» **PROBLEM TO SOLVE**
Only the lines below from the one with "Мультивитаминный комплекс для" through the one with "This stunning kitchen" are to be written out, exactly and without any images.

*** MATERIAL PROVIDED ***

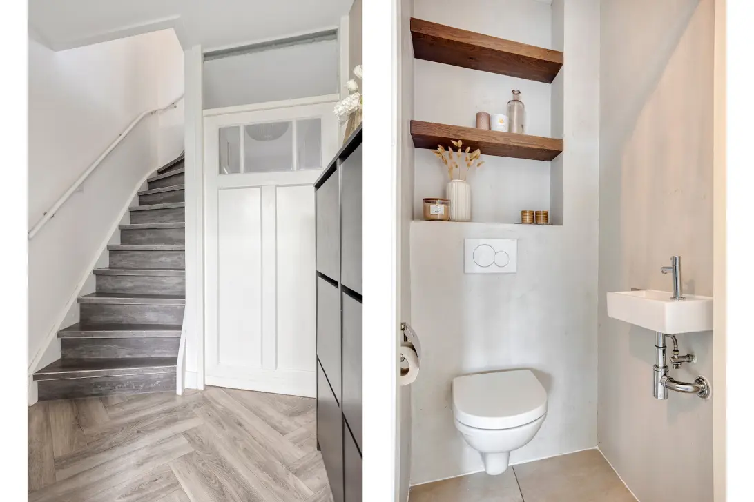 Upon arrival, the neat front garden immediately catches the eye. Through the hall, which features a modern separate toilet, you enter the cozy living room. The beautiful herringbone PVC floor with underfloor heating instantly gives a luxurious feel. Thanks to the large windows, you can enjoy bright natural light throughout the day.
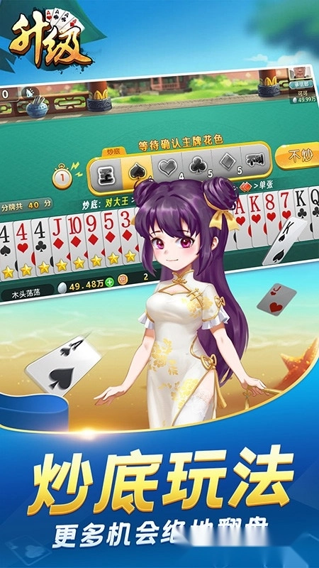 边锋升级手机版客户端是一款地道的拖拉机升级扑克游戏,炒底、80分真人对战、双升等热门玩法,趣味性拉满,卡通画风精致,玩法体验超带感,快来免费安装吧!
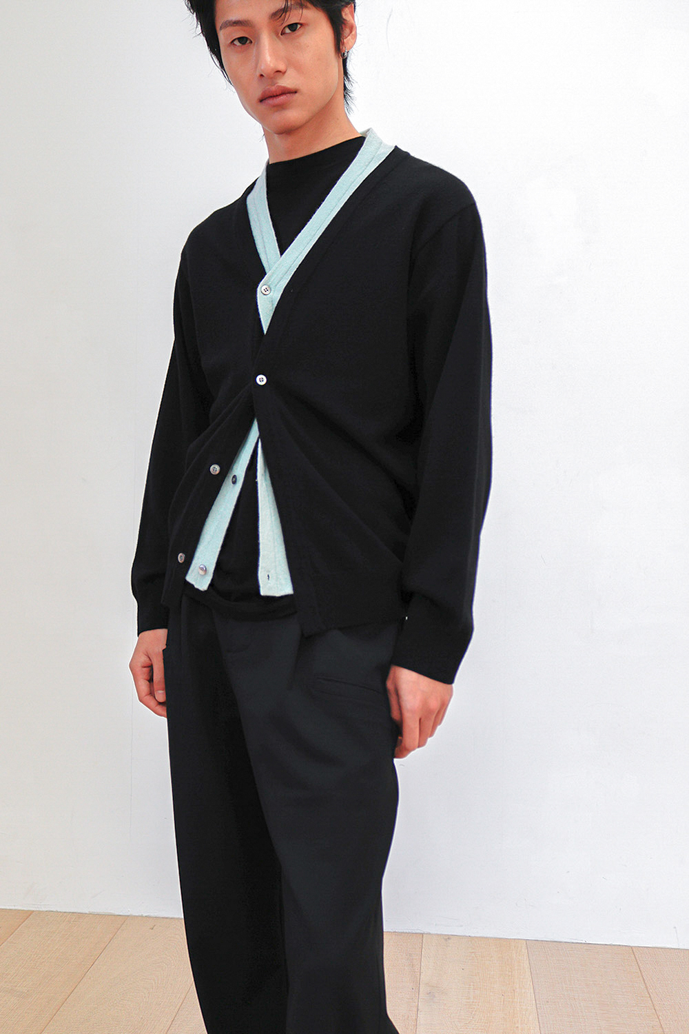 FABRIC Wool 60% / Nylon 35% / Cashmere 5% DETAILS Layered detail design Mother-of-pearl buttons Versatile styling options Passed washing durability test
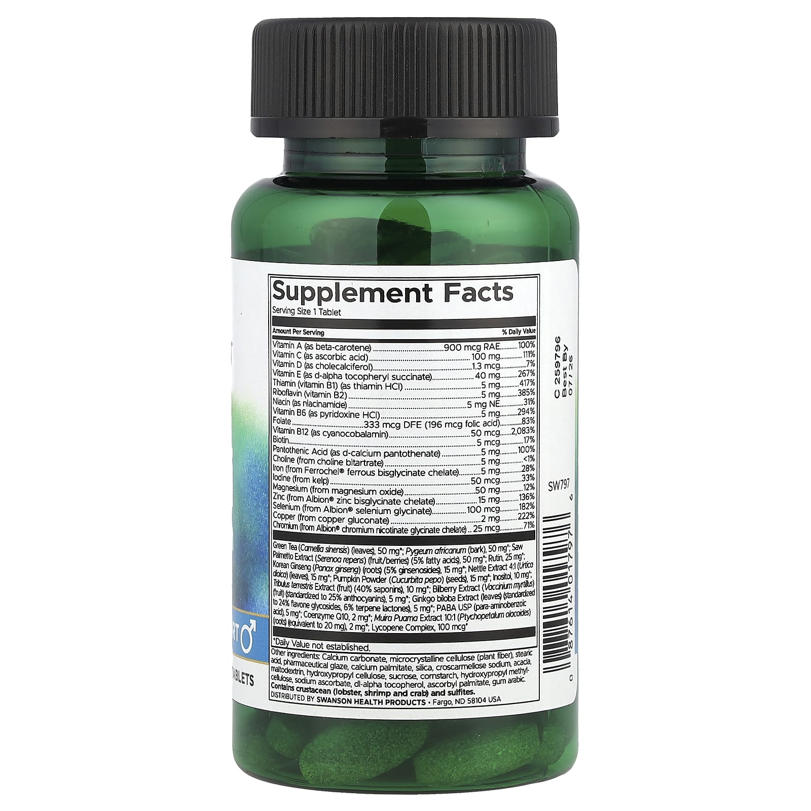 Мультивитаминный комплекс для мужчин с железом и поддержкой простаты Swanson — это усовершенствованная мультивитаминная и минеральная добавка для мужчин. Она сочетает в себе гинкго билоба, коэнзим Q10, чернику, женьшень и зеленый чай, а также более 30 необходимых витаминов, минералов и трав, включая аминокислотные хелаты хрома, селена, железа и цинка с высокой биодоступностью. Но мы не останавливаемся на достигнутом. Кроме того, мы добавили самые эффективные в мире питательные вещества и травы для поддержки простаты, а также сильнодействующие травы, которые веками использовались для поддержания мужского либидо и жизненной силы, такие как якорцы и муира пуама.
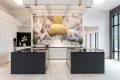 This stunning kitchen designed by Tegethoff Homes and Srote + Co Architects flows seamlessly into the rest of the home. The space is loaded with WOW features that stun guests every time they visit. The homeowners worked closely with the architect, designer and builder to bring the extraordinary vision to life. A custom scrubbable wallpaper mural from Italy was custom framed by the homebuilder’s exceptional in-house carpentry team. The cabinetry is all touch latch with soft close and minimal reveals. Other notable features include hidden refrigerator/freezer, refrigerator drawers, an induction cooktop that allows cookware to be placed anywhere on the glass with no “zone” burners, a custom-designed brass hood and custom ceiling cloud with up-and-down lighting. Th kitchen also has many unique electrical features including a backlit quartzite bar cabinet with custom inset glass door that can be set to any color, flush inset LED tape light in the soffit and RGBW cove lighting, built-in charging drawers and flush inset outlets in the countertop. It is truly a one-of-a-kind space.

***
*** MATERIAL PROVIDED ***

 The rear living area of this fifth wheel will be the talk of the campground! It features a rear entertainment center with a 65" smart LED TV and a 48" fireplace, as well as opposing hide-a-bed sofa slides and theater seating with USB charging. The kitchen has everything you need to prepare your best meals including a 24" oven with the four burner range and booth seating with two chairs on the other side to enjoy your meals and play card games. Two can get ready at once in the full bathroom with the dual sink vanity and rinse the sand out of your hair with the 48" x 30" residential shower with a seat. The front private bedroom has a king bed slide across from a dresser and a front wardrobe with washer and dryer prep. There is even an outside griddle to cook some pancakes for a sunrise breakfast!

***

» **ANSWER**
 Мультивитаминный комплекс для мужчин с железом и поддержкой простаты Swanson — это усовершенствованная мультивитаминная и минеральная добавка для мужчин. Она сочетает в себе гинкго билоба, коэнзим Q10, чернику, женьшень и зеленый чай, а также более 30 необходимых витаминов, минералов и трав, включая аминокислотные хелаты хрома, селена, железа и цинка с высокой биодоступностью. Но мы не останавливаемся на достигнутом. Кроме того, мы добавили самые эффективные в мире питательные вещества и травы для поддержки простаты, а также сильнодействующие травы, которые веками использовались для поддержания мужского либидо и жизненной силы, такие как якорцы и муира пуама.
 This stunning kitchen designed by Tegethoff Homes and Srote + Co Architects flows seamlessly into the rest of the home. The space is loaded with WOW features that stun guests every time they visit. The homeowners worked closely with the architect, designer and builder to bring the extraordinary vision to life. A custom scrubbable wallpaper mural from Italy was custom framed by the homebuilder’s exceptional in-house carpentry team. The cabinetry is all touch latch with soft close and minimal reveals. Other notable features include hidden refrigerator/freezer, refrigerator drawers, an induction cooktop that allows cookware to be placed anywhere on the glass with no “zone” burners, a custom-designed brass hood and custom ceiling cloud with up-and-down lighting. Th kitchen also has many unique electrical features including a backlit quartzite bar cabinet with custom inset glass door that can be set to any color, flush inset LED tape light in the soffit and RGBW cove lighting, built-in charging drawers and flush inset outlets in the countertop. It is truly a one-of-a-kind space.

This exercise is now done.